Recalling the warm and fuzzy bedside manner of the Navy surgeon.

©2010 Bob Stockton. Excerpted from "Listening To Ghosts," (Xlibris Press). Unauthorized use is prohibited.
I think that it began roughly three weeks before submarine training graduation. I became aware of a gradually increasing pain on the right side of my lower abdomen. The pain would come and go and at first I gave it little thought but as the week progressed and the pain became more intense I figured that I’d better hustle over to sick bay and get something to manage whatever it was that was bothering me. After all graduation was only a couple of weeks away. The Corpsman looked me over, asked a few questions, poked me around the area where I was having pain and then referred me to the Navy doctor on call for further evaluation.

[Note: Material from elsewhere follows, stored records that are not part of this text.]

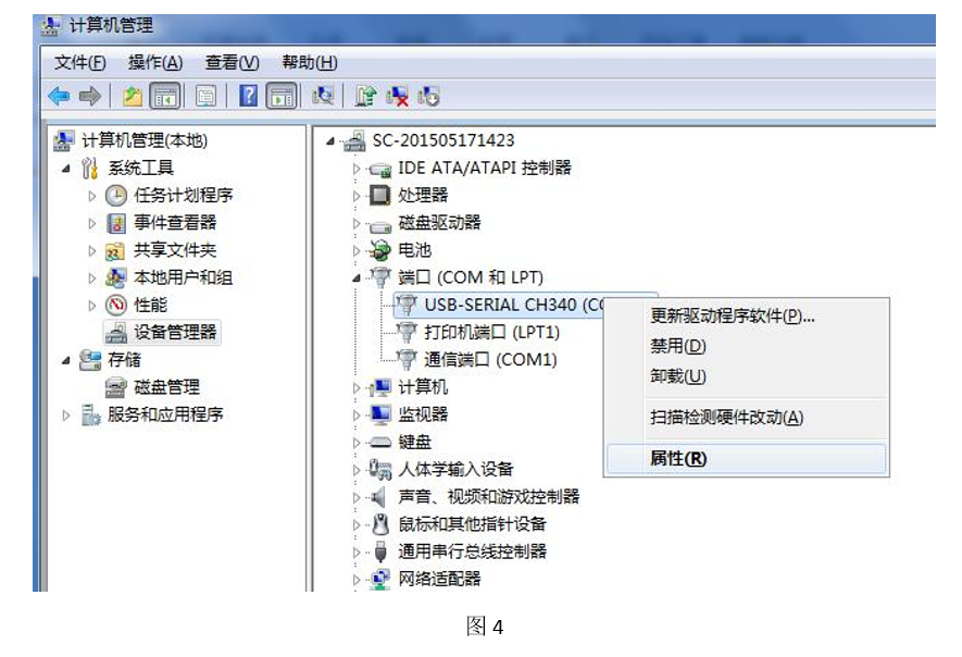 5.此设备的软件支持COM1~COM4,点击右键选择“属性”,如图 4。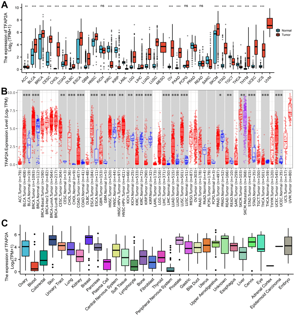 Differential expression of TFAP2A in pan-cancer and normal tissues
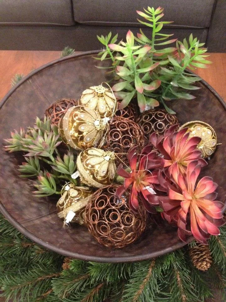 Not sure what to put on your coffee table? Look at layering trays and different bowls. Mix it up when you are looking for things to put in the bowls. Try mixing different textures by combining colored balls, foliage, organic materials and metals.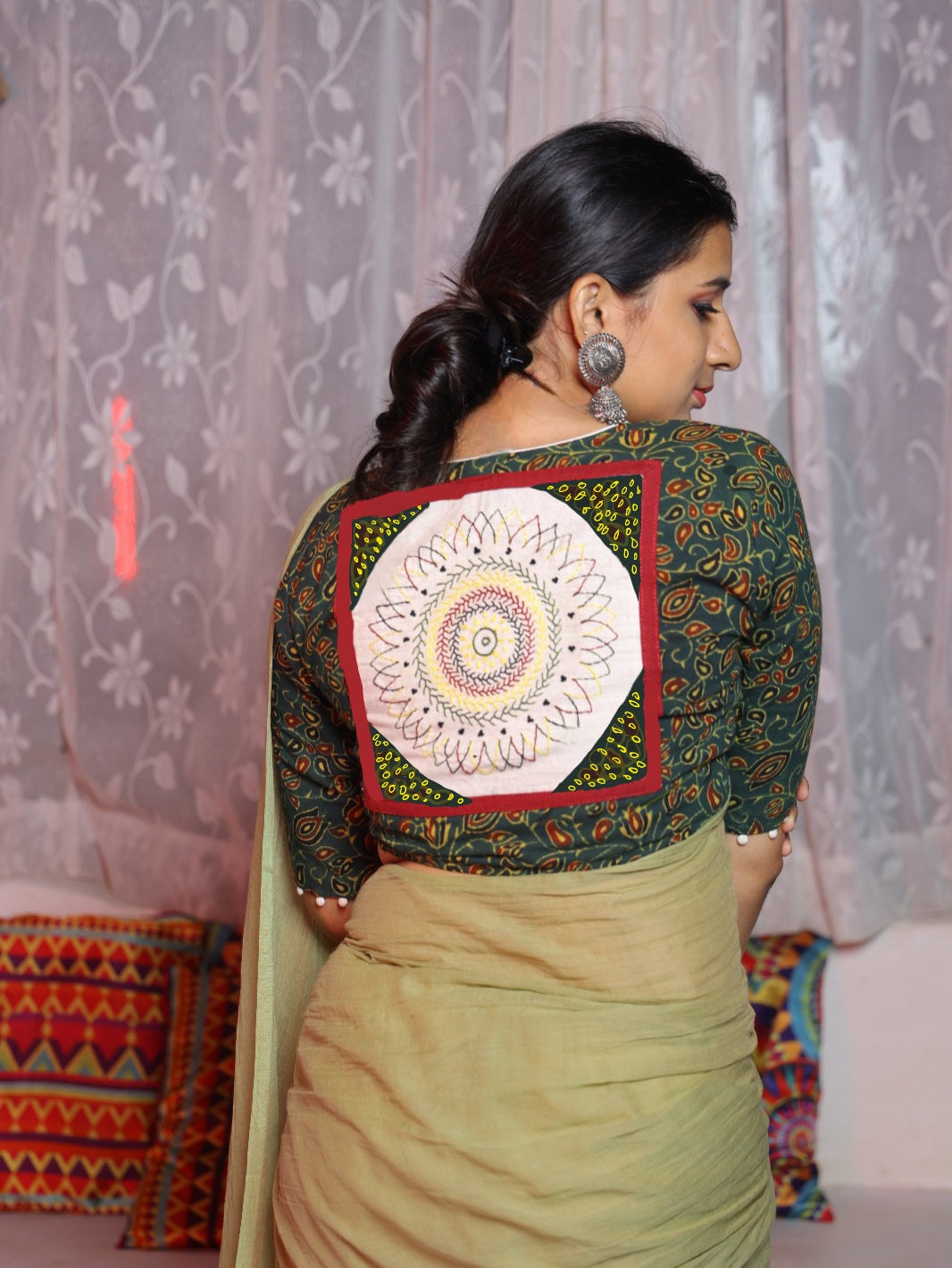 Introducing the 'Mandala Akriti' Blouse: An exquisite blend of elegance and artistry, adorned with intricate mandala weave embroidery and delicate hand-appliqué work meticulously crafted by our skilled artisans. Versatile yet captivating, this blouse adds a touch of sophistication to any saree ensemble, offering a renewed and captivating look. Elevate your wardrobe with this timeless piece that seamlessly combines tradition and modernity, perfect for those seeking effortless elegance.

I got more of the same from the doctor along with a few obligatory x-rays and was placed in an exam room to await the verdict. After a while no less than three Navy docs entered the room and began going over the lab and x-ray results with me. Finally the doctor that I had first seen gave me the scoop: “We think that you have an acute appendicitis, but we’re not exactly certain.” Pointing to doctor number three he continued, “This is our surgeon, Dr. so and so. We’re going to have him remove your appendix just to be on the safe side. He really needs the practice.”
A real orator that doctor number one. Knows just how to build confidence in his patients, I thought. And with that epiphany they swept out of the exam room, leaving me in the hands of a corpsman and nurse whose job it was to Immediately prep me for surgery as I had been too nauseated to eat for more than a day. It was going to happen now while they still had me captured! They removed my offending organ that very afternoon. After one day post op the clinic Chief had me operating a floor buffer (“no vacation here, sailor“) and three days post op I was back in the same class with which I had started. Graduation day was still on schedule.